Task to carry out:
Print the listing below verbatim, passing over each picture.

BEGIN Given data

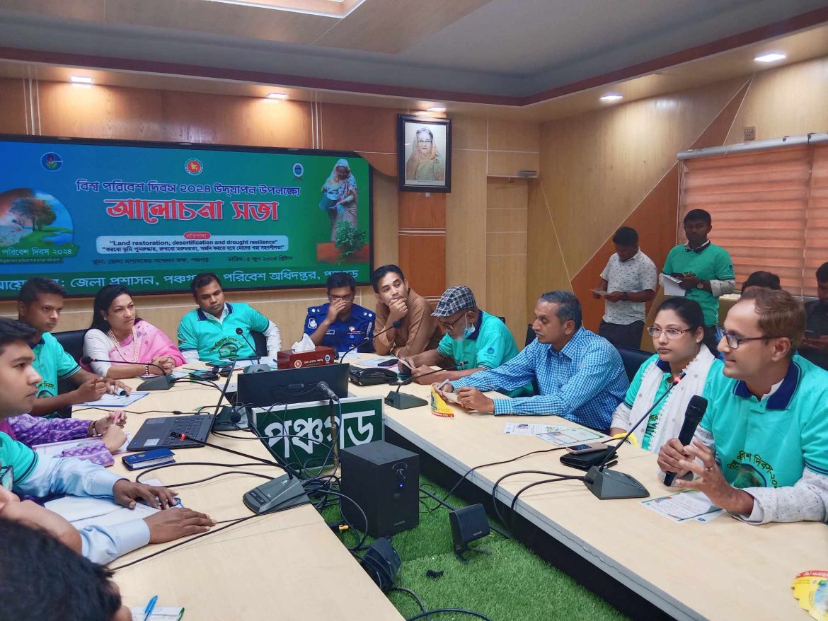 “করবো ভূমি পুনরুদ্ধার, রুখবো মরুময়তা, অর্জন হবে মোদের সহনশীলতা” এই প্রতিপাদ্যে পঞ্চগড়ে বিশ্ব পরিবেশ দিবস পালিত হয়েছে। দিবসটি উপলক্ষে বৃহস্পতিবার সকাল ১০টায় পঞ্চগড় জেলা প্রশাসকের কার্যালয় চত্বর থেকে একটি র্যালি বের করা হয়। র্যালিটি শহরের প্রধান সড়ক প্রদক্ষিণ করে একই স্থানে এসে শেষ হয়।
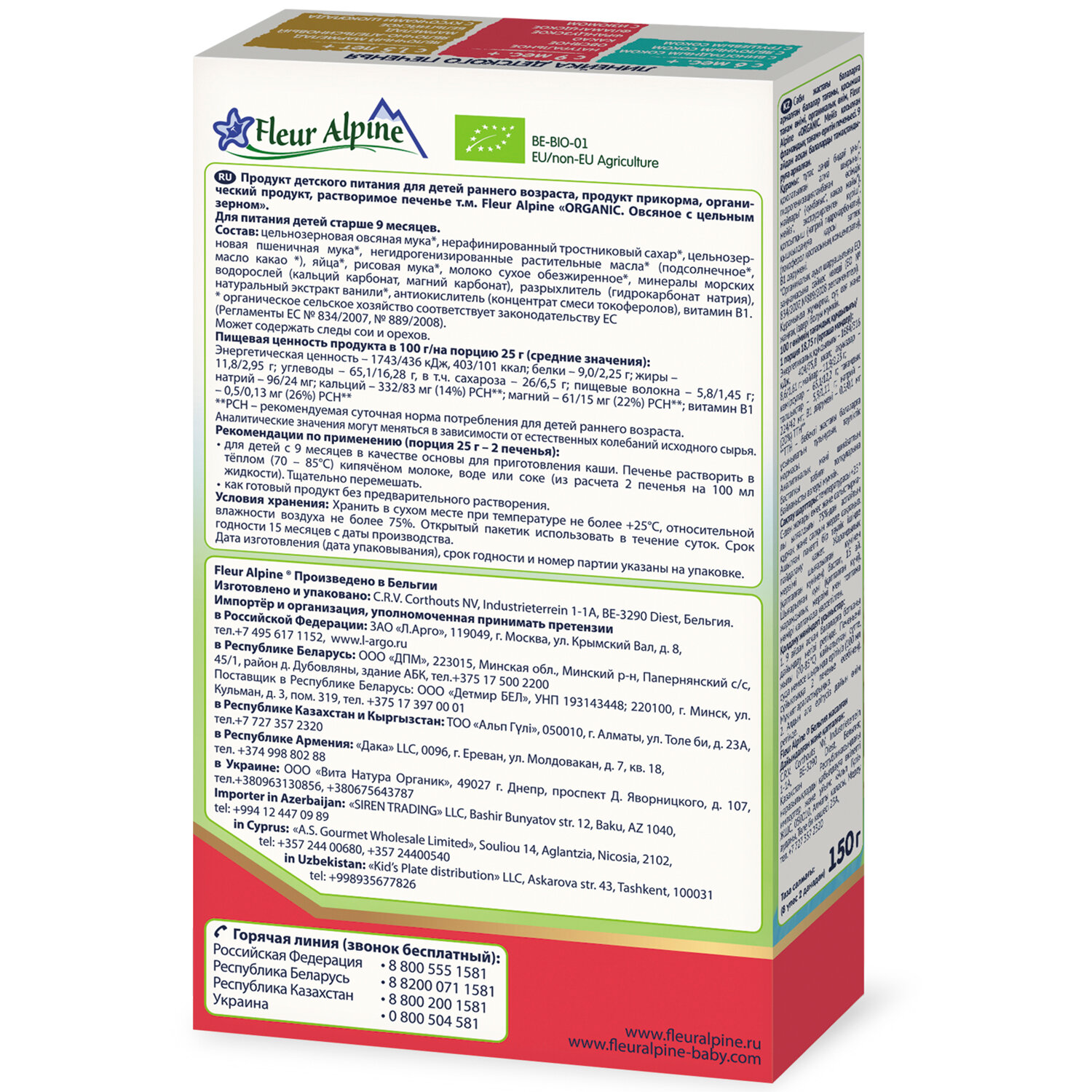 Купить Печенье детское Fleur Alpine Organic (Флёр Альпин Органик) овсяное без пальмового масла с 9 мес 150 г
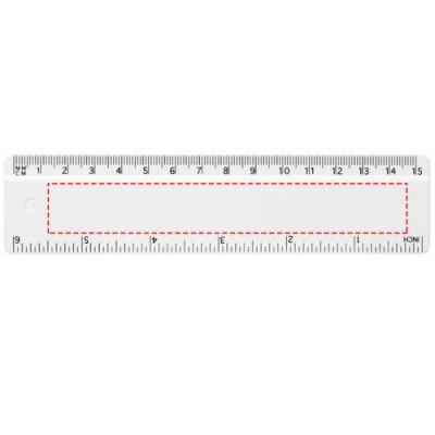 Tukeva kierrätysmuovinen viivain, johon on merkitty tuumat ja senttimetrit.

END Given data

Exercise response:
 “করবো ভূমি পুনরুদ্ধার, রুখবো মরুময়তা, অর্জন হবে মোদের সহনশীলতা” এই প্রতিপাদ্যে পঞ্চগড়ে বিশ্ব পরিবেশ দিবস পালিত হয়েছে। দিবসটি উপলক্ষে বৃহস্পতিবার সকাল ১০টায় পঞ্চগড় জেলা প্রশাসকের কার্যালয় চত্বর থেকে একটি র্যালি বের করা হয়। র্যালিটি শহরের প্রধান সড়ক প্রদক্ষিণ করে একই স্থানে এসে শেষ হয়।
 Купить Печенье детское Fleur Alpine Organic (Флёр Альпин Органик) овсяное без пальмового масла с 9 мес 150 г
 Tukeva kierrätysmuovinen viivain, johon on merkitty tuumat ja senttimetrit.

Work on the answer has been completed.